[question] Can one normalize the mutation matrix by the opportunity matrix upfront and expect the same results as if one divided mut by?

TojalLab / signeR

https://bioconductor.org/packages/signeR

13 stars 3 forks source link

[question] Can one normalize the mutation matrix by the opportunity matrix upfront and expect the same results as if one divided mut by? #13

Closed tobsecret closed 5 years ago

tobsecret commented 5 years ago

I am asking this because I want to combine data from two closely related species with wildly different AT contents, in order to figure out if there are any shared mutational signatures between them. Is it functionally the same to input mut and opp into signeR vs inputting only mut, but dividing the rows by opp?

The opportunities are either known or set to W = 1, and hence regarded as fixed parameters. To simplify notation we omit any further reference to W. An expression for ℒ(θ;m) is presented as supplementary material by the equation (s1).

This makes me believe it is but I am not sure I am understanding this correctly.

rvalieris commented 5 years ago

No sorry this won't work, the algorithm assumes the mutation counts inputs are whole numbers, the opportunity matrix is used as weights in the decomposition of signatures x expositions.

However If I understood this correctly, you can use the opportunity matrix for this, each row of the opportunity matrix will be used for the respective sample on the same row of the count matrix, so you can have samples with different opportunities as long as each row is correctly set for each sample.

on the vignette, the genOpportunityFromGenome generates a full matrix for a single genome, but you generate a opp matrix for each species you have (set a specific number of samples on nsamples), and concatenate the rows of all opp matrices.

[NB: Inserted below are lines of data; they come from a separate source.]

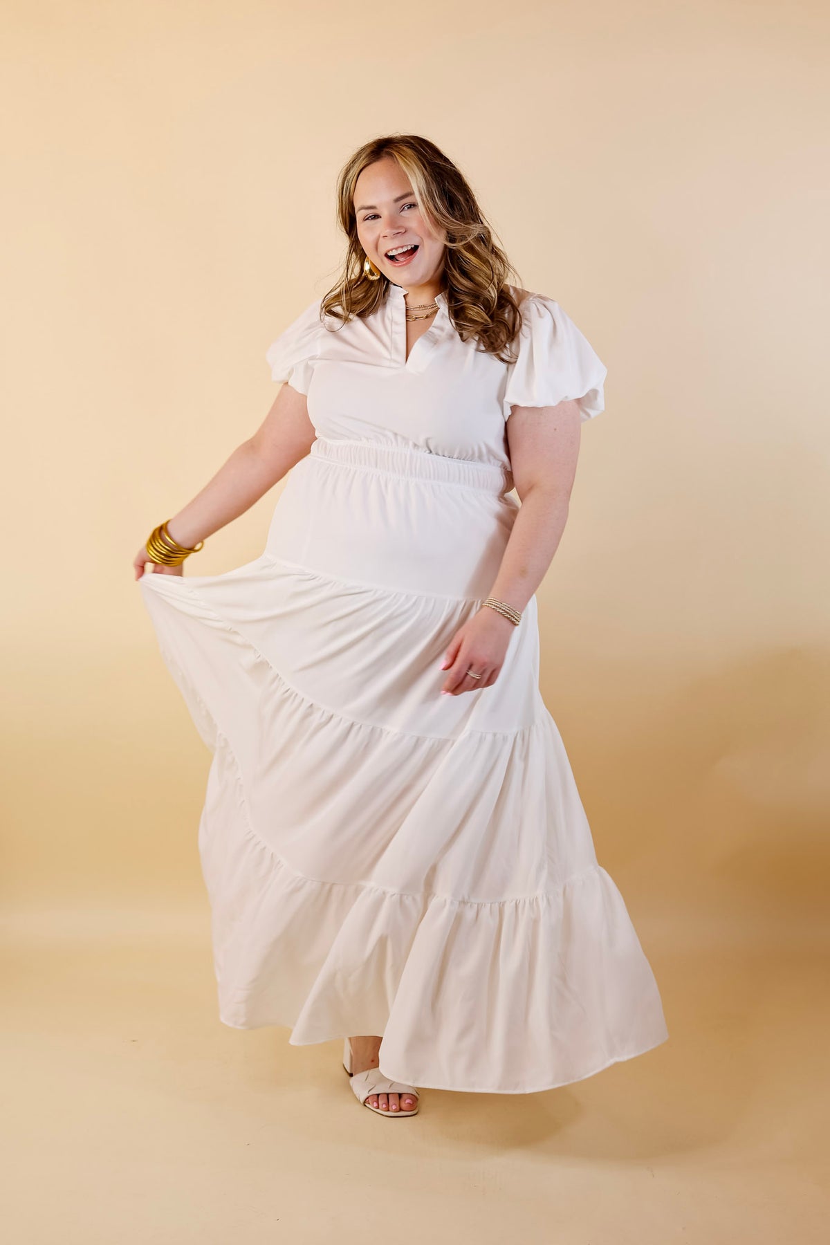 Table for Two Tiered Maxi Dress with Puff Sleeves in White
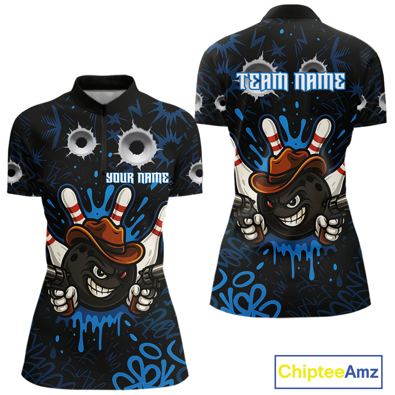 Funny Black and Blue Bowling Cowboy gun Women bowling polo, 1/4 zip shirts Custom bowling team jersey NQS10617
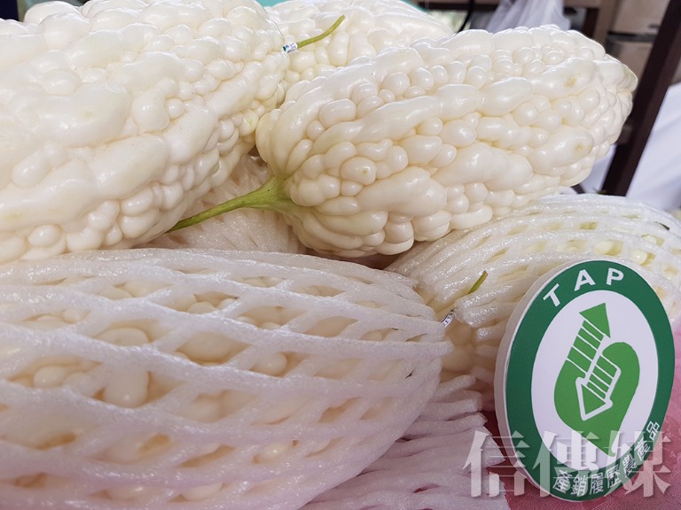 蘋果醋苦瓜,這是顛覆苦瓜的吃法。這苦瓜叫做白苦瓜,特色是苦度降低,跟藥署所合作,經過藥署所測試回甘度有2.3度。多汁脆口,只要簡單調味就能享用。(攝影/郭怡君)
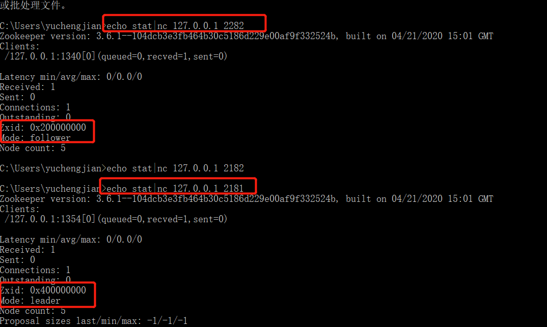 2.依次启动,启动后,无法使用zkServer.cmd status命令,无法观察哪一个节点是leader,各种查阅后,发现zkServer.cmd在windows上就是用不了,硬伤啊。google一下后,发现可以使用nc命令去查看状态,参考博客:https://blog.csdn.net/hongweigg/article/details/52933113
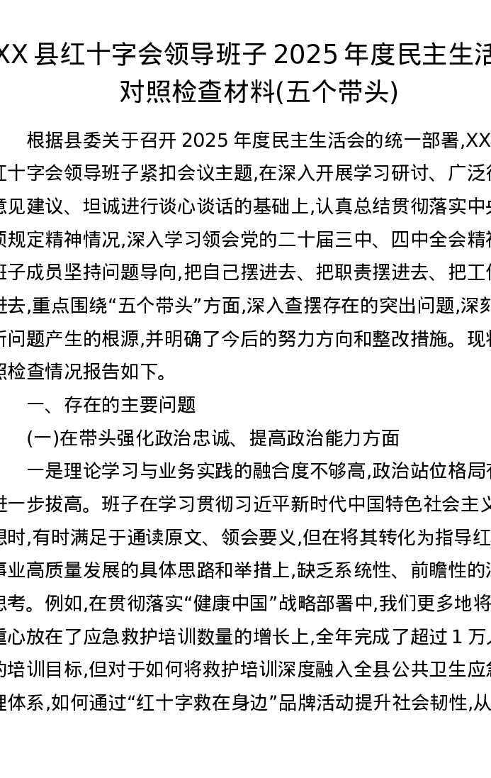 XX县红十字会领导班子2025年度xxxxx对照检查材料(五个带头)

tobsecret commented 5 years ago

Aaaaah, yes that should work! Awesome, I'll try that, thanks a ton!

tobsecret commented 5 years ago

So let's say I have two different vcf files, with species 1 and 2, in the same naming scheme as the vignette, the following should work?

# first genome and vcf
target_regions1 <- import(con="/path/to/a/target1.bed", format="bed")
mygenome1 <- FaFile("/path/to/genome1.fasta")
vcfobj1 <- readVcf("/path/to/a/species1.vcf", mygenome1)
mut1 <- genCountMatrixFromVcf(mygenome1, vcfobj1)
opp1 <- genOpportunityFromGenome(mygenome1, target_regions1, nsamples=nrow(mut1))
# second genome and vcf
target_regions2 <- import(con="/path/to/a/target2.bed", format="bed")
mygenome2 <- FaFile("/path/to/genome2.fasta")
vcfobj2 <- readVcf("/path/to/a/species2.vcf", mygenome2)
mut2 <- genCountMatrixFromVcf(mygenome2, vcfobj2)
opp2 <- genOpportunityFromGenome(mygenome2, target_regions2, nsamples=nrow(mut2))
# combine muts and opps
mut <- rbind(mut1, mut2)
opp <- rbind(opp1, opp2)

rvalieris commented 5 years ago

yes that looks right !

tobsecret commented 5 years ago

This works, at least in my test on a subset of my data! Thanks again for the support!